▶ [EXERCISE MATERIAL]:
- - - -

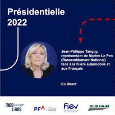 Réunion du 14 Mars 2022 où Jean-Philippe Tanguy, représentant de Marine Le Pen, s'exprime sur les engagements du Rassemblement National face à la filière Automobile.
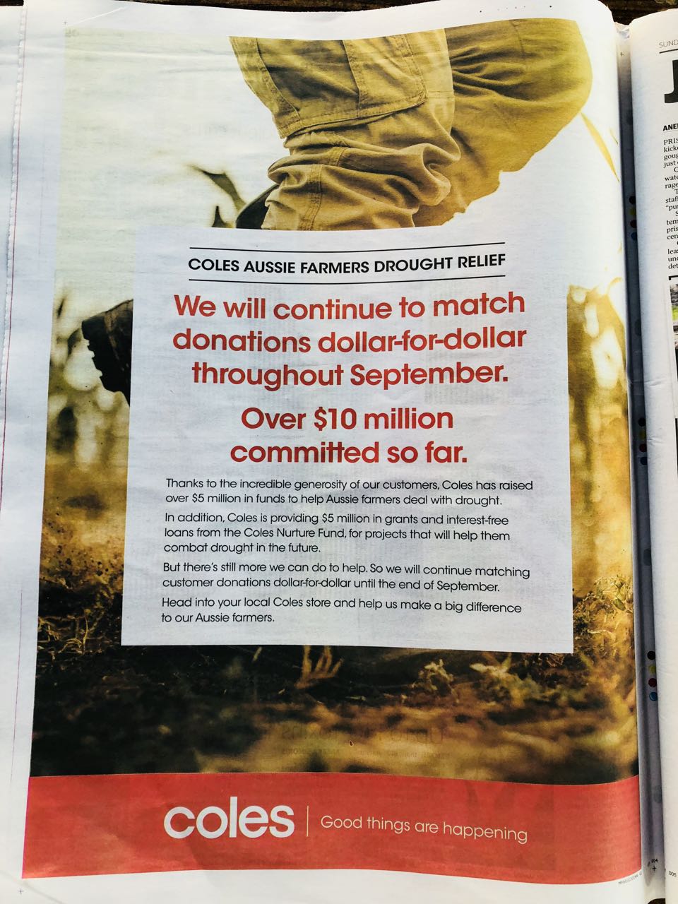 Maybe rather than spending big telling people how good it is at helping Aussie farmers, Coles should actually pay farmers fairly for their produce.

- - - -

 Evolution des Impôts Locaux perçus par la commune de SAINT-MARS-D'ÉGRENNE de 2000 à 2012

- - - -

▶ [WHAT IS REQUIRED]:
Your copy should hold only the lines above from the one containing "Réunion du 14" through the one containing "Maybe rather than", exactly as written and free of pictures.

▶ [EXPECTED ANSWER]:
 Réunion du 14 Mars 2022 où Jean-Philippe Tanguy, représentant de Marine Le Pen, s'exprime sur les engagements du Rassemblement National face à la filière Automobile.
 Maybe rather than spending big telling people how good it is at helping Aussie farmers, Coles should actually pay farmers fairly for their produce.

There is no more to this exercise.